Prof. Rido Busse, der den Plagiarius 1977 als betroffener Designer ins Leben rief, erklärt die Intention des Preises wie folgt: „Die Verleihung ist natürlich nicht gleichzusetzen mit einem gerichtlichen Beschluss - der Plagiarius kann und will nicht Recht sprechen, sondern die Öffentlichkeit auf Unrecht aufmerksam machen.“ Es geht der Aktion Plagiarius auch nicht darum, so genannte Me-too-Produkte zu verurteilen. Diese folgen einem aktuellen Trend, differenzieren sich jedoch ausreichend vom Original, das als Erstes am Markt war, und sorgen so für einen lebendigen Wettbewerb. Im Fokus stehen vielmehr plumpe 1:1 Kopien innovativer Produkte, die vom Nachahmer als eigene kreative Leistung verkauft werden.

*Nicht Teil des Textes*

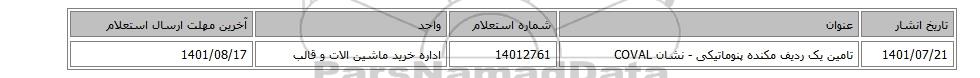 | 1401/07/21 | تامین یک ردیف مکنده پنوماتیکی - نشان COVAL | 14012761 | اداره خرید ماشین الات و قالب | 1401/08/17 |

Das Plagiat – oft mehr Schein als Sein
Skrupellos übernehmen die Plagiatoren Design und technische Lösungen eines erfolgreichen Produktes, ohne es individuell abzuwandeln oder weiter zu entwickeln. Je nach Komplexität des Produktes überschwemmen die teils minderwertigen oder auch gefährlichen Kopien den Markt bereits wenige Tage, Wochen oder Monate nach Erstveröffentlichung des Originals. Fairer Wettbewerb sieht anders aus. Denn der Originalhersteller hat ein Vielfaches an Zeit und Know-how investiert, um ein innovatives und hochwertiges Produkt zu entwickeln. Er ist in Vorleistung gegangen und muss nun - um Arbeitsplätze und weitere Innovationen zu sichern - die getätigten Investitionen durch einen entsprechenden Markterfolg wieder erwirtschaften. Als verantwortungsbewusster Produzent legt er viel Wert auf Sicherheit und hält sein mit der Marke kommuniziertes Qualitätsversprechen ein. Regelmäßige Kontrollen und Gewährleistung sind für ihn selbstverständlich. Der Plagiator hingegen ist auf schnellen Profit aus. Die verwendeten Materialien und die Verarbeitung beim Plagiat sind häufig minderwertig, das zeigen auch einige der aktuellen Preisträger-Produkte sehr deutlich. Kostenintensive Sicherheitskontrollen könnten den Gewinn des Nachahmers schmälern und stehen so in Diskrepanz zu seinen Zielen. Garantie- und Serviceleistungen sind im Preis, der zwischen 10 und 90 % des Originalpreises schwankt, ebenfalls nicht inbegriffen.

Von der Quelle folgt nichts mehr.